Step-2 : The originating bank branch prepares a message and sends the message to its pooling centre (also called the NEFT Service Centre).Step-3 : The pooling centre forwards the message to the NEFT Clearing Centre (operated by National Clearing Cell, Reserve Bank of India, Mumbai) to be included for the next available batch.Step-4 : The Clearing Centre sorts the funds transfer transactions destination bank-wise and prepares accounting entries to receive funds from (debit) the originating banks and give the funds to (credit) the destination banks.
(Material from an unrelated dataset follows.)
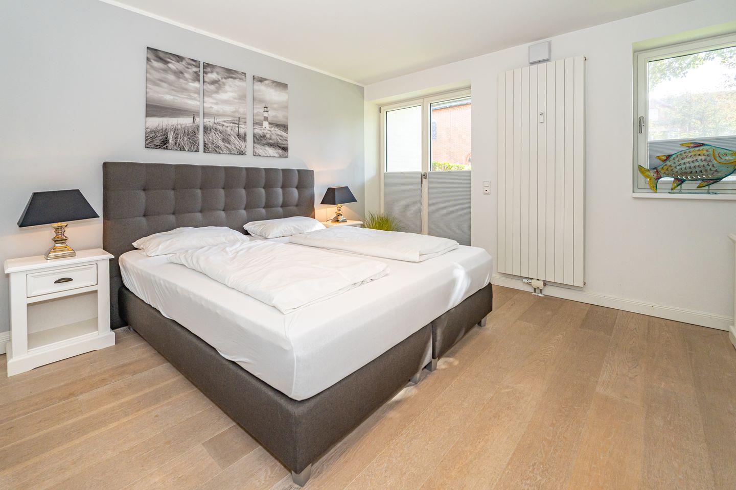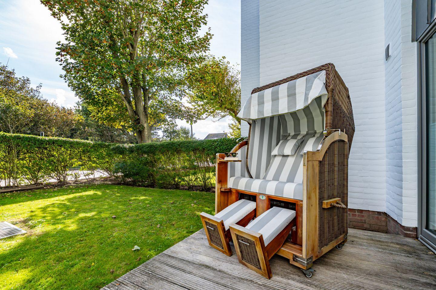 Diese 3-Zimmer-Ferienwohnung (78 qm) befindet sich in einem Gebäude mit 22 Wohneinheiten. Die ebenerdige Ferienwohnung im Erdgeschoss besticht durch den großen, geräumigen Flur mit Einbaugarderobe und dem hellen, großzügigen Wohnzimmer mit Flachbildschirm und Esstisch. Die komplett ausgestattete und offene Küche (Mikrowelle, Kaffeefiltermaschine, Kühlschrank, Cerankochfeld, Backofen) ist direkt durch einen großen Durchgang vom Wohnzimmer aus zu erreichen. Von dort gelangen Sie in den Abstellraum, dort stehen Ihnen Waschmaschine und Trockner zur Verfügung. Das Badezimmer verfügt über einen Handtuchtrockner und eine bodentiefe Dusche. Abgerundet wird die Wohnung mit einer Terrasse (Süd-West-Ausrichtung), welche vom Wohnzimmer aus zu betreten ist und mit einem kleinen Gartenanteil umrundet wird. Ihnen stehen zwei Schlafzimmer mit jeweils Boxspringbett und TV zur Verfügung. Die Ferienwohnung liegt im Herzen von Westerland und ist somit auch sehr Stadt- und strandnah gelegen. In dieser Nichtraucherwohnung sind guterzogene Hunde nach vorheriger Anmeldung erlaubt (10,- € pro Tier/Tag). Ein Pkw-Stellplatz befindet sich in der Tiefgarage (Durchfahrtshöhe max. 2 Meter).

Thereafter, bank-wise remittance messages are forwarded to the destination banks through their pooling centre (NEFT Service Centre).Step-5 : The destination banks receive the remittance messages received from the Clearing Centre and pass on the credit to the beneficiary accounts.

Ø Processing charges:

Reserve Bank of India has waived the processing or service charges for member banks till March 31, 2010. Accordingly, member banks participating in NEFT need not pay any processing or service charges to Reserve Bank of India. Further, processing or service charges to be levied by the member banks from their customers have also been rationalised by Reserve Bank of India as under: –
a) Inward transactions at destination bank branches (for credit to beneficiary accounts)

– Free, no charges to be levied from beneficiaries

b) Outward transactions at originating bank branches (charges for the remitter)
 For transactions up to Rs. 1 lakh  Charges not exceeding Rs. 5. For transactions of Rs. 1 lakh and above – Charges not exceeding Rs. 25.